The formidable intelligentsia assembled at the TIADA Annual Conference included our own general counsel of 40 years, Mike Dunagan of Jameson & Dunagan in Dallas; NIADA's Senior Vice President of Legal & Government Affairs, Shaun Petersen out of Arlington; Terry O'Loughlin, Director of Compliance, Reynolds Document Solutions in Florida, and Tom Hudson, a partner in Hudson Cook out of Washington, D.C.
With regard to cash vs. credit pricing, Mr. Hudson and Mr. O'Loughlin addressed the topic at a breakout session on Tuesday, and I understand the issue also came up several times at Monday's dealer roundtable on Handling Customer Complaints moderated by Mr. Hudson and Mr. Petersen. All of the lawyers at the conference had previously opined on the topic, often in writing, normally in reference to the CFPB's enforcement action against Herbie's, and most recently with Mike Dunagan's comprehensive article in the May issue of this magazine entitled, “The Herbie's Case from a Texas Dealer's Perspective.”

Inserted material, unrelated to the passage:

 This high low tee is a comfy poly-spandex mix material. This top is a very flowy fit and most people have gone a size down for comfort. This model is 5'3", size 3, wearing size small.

To sum up TIADA's understanding of the issue, a vehicle may only have one price. There should be no cash price, credit price, internet price, etc…just one price. We should also stop thinking of inventory in terms of “cash cars” and “finance cars” on the lot. You simply have vehicles on your lot, and you accept various methods of payment for those vehicles, which may include cash, 3rd party financing or in-house financing. A customer may negotiate to strike the best bargain; as long as the negotiated price is not contingent upon the payment method, there is no prohibition (yet) on price negotiation.

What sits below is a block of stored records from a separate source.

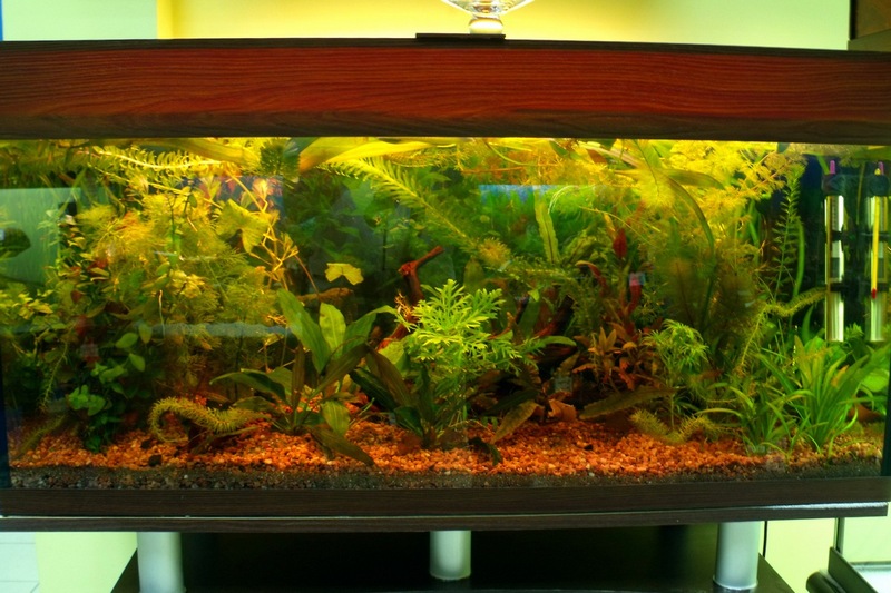 Порадовал видовой аквариум с растеними. Все вы знаете мое отношение к состоянию растений, поэтому рассматриваль пристально. Вердикт: водорослей не обнаружено. Дизайна как такового в этом аквасике нет, все просто нормально растет.
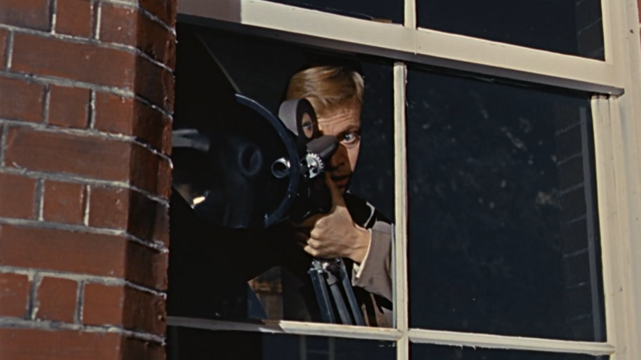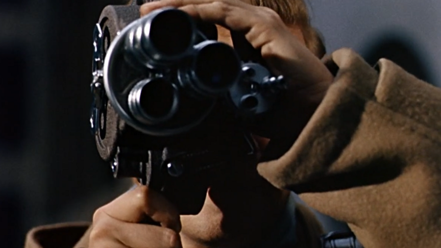 Сцены из фильма Peeping Tom (1960), М. Пауэлл Герой снимает мир на свою камеру, следит.
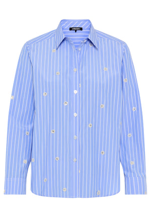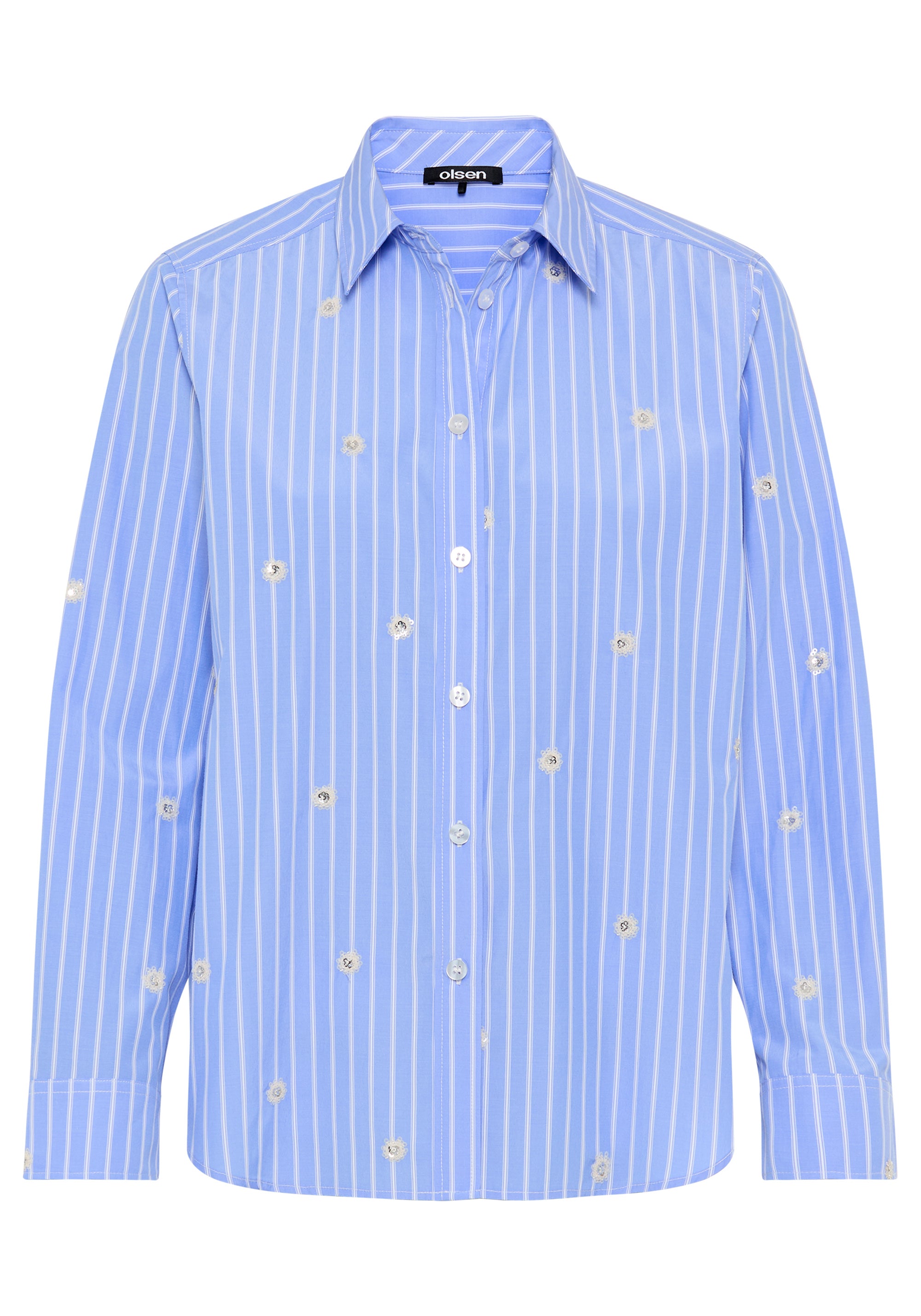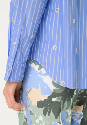 A classic striped shirt, elevated with feminine sparkle, this stylish blouse blends timeless tailoring with delicate sequin flower embellishment from front to back for effortless day-to-night appeal.
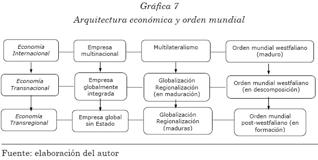 Como se mostró también, la economía global de redes vigente hoy en día se está convirtiendo en una arquitectura transregional que será la contraparte económica del orden mundial post-westfaliano que se gesta actualmente. Este orden estará constituido por una amplia diversidad de actores que van desde Estados-nación, organismos e instituciones, hasta entidades regionales y otras de carácter no territorial; por lo tanto entrañará un nuevo mapa del mundo que ya no será exclusivamente internacional sino predominantemente interregional.
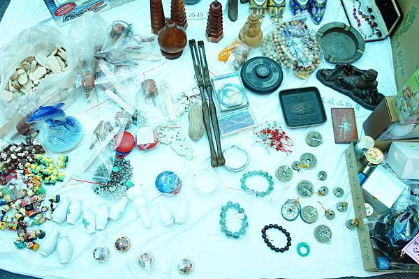 (上圖、下圖)這一攤的伯伯,賣早期古物也賣水鑽???真的很"跳蚤"!

Some dealers have interpreted the Herbie's enforcement action to mean that prices cannot be negotiated at all. And in fact, many dealers choose not to negotiate price on any deal, period, which is certainly their right; that practice reduces the risk of a regulatory action. However, as stated above, there is currently no federal or state law that explicitly prohibits price negotiation on the sale of a vehicle, as long as substantially similar negotiation takes place in both cash and credit sales.

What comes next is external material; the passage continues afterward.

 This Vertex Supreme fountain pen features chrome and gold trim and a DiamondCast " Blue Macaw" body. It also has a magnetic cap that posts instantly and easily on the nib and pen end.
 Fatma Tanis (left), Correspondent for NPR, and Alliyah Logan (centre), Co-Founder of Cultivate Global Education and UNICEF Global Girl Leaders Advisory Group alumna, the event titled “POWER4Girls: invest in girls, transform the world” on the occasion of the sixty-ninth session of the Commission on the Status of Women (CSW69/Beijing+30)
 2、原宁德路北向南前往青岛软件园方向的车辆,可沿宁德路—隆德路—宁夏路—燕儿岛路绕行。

So, does following the policies above make you impervious to a consumer lawsuit or regulatory action? Nope. The attorneys at our conference agreed that no such bullet-proof policy exists. These are simply best practices to minimize your risk. Will they be enough to protect your dealership? Our experts agreed…maybe.
Can't resist closing with one final bit of humor at the expense of our attorney friends…
Why are scientists now using lawyers in laboratory experiments instead of rats? Three reasons: (1) lawyers are more plentiful than rats, (2) there is no danger the scientists will become attached to the lawyers, and (3) there are some things rats just won't do.